Independent variable In the experiments conducted, the independent variables that are being manipulated are:
• Ping frequency (Ping Frq) of the tag.
• Request rate (RR) of information on the Locantis app.
• Tag movement, either stationary or moving.
• Tag configuration
The tags can be configured as either single tags or combinations of tags. This means that two or more tags are used to estimate an object’s location. The returned location estimates are the combined data of the tags in the combination. This feature is being used in Experiment 3: Estimation accuracy and precision.
Data collection
To be able to determine the suitability of the crossover concept as a suitable replacement system for today’s existing IPSs, some data need to be collected and analysed. This is done by conducting experiments and collecting generated data during the time of the experiments.
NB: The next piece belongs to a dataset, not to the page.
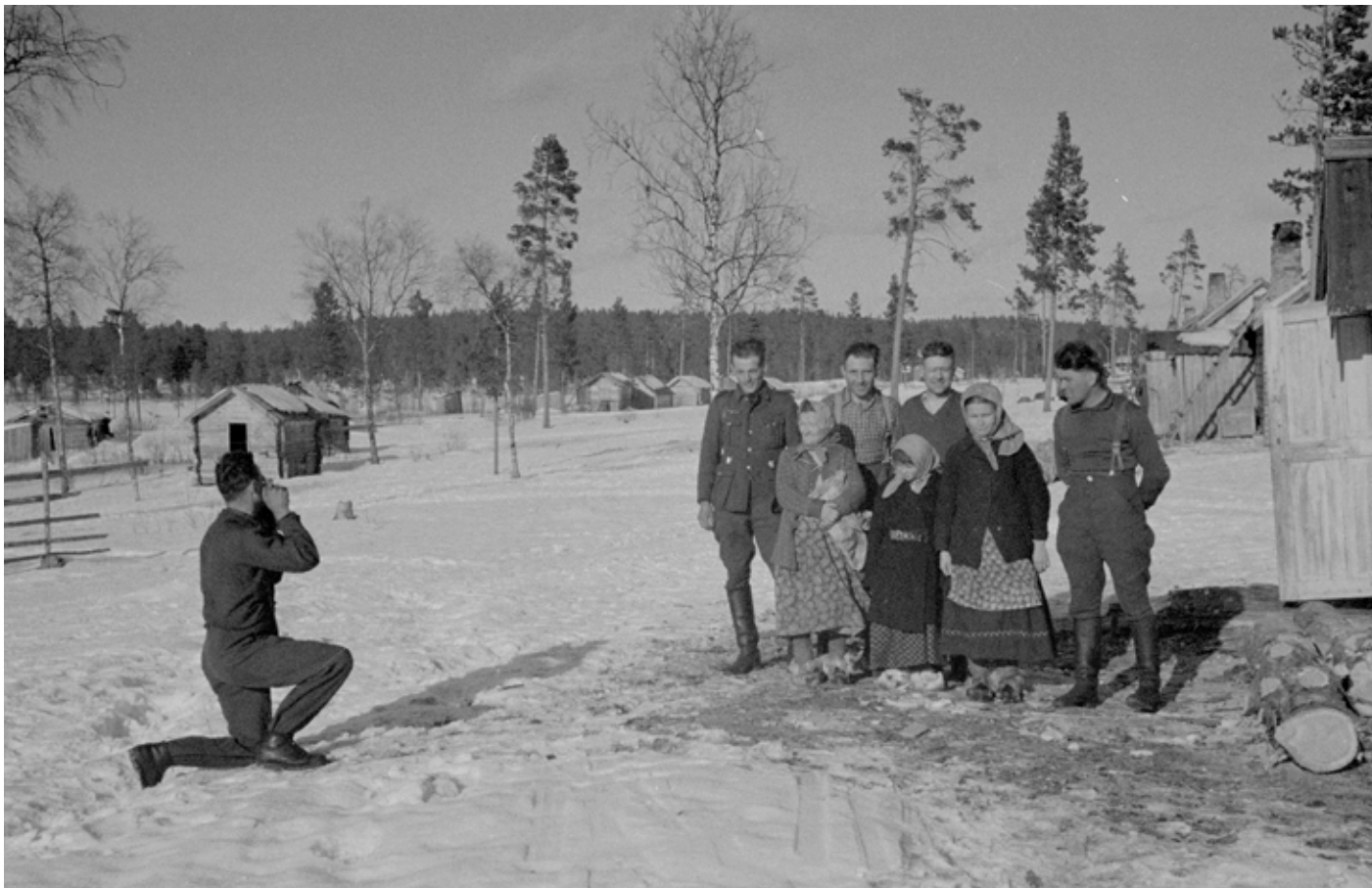
Tyskerne hadde en base i Suonikylä, Petsjenga. Soldater har samlet lokale beboere til fotografering.

helbredende kilde til helse og en motgift til den urbane dekadansen. Naturbundet primitivisme hadde flere positive, kraftdannende og identitetsbærende konnotasjoner i tysk tenkning. Den nasjonalsosialistiske bevegelsen delte bekymring for helsen til det tyske folket. For

Data from Experiment 1: Delta time 1 and Experiment 3: Estimation accuracy and precision is collected in log files on the NCHAIP controller. Data from Experiment 2: Delta time 2 is collected from log files generated by the Locantis app. Data from Experiment 2: Delta time 2 is logged by the Locantis app and saved locally on the android phone in order to save time and to avoid having to establish additional connections.

Experiment 1: Delta time 1

The first experiment is to determine how long it takes the NCHAIP system to estimate and calculate the location of the tracked object. This is done to investigate if the location process is fast enough for the system to be viable from a real time perspective. Delta time 1 is calculated by the time difference between the “tags ping” and the instance the NCHAIP has located the origin of that tag.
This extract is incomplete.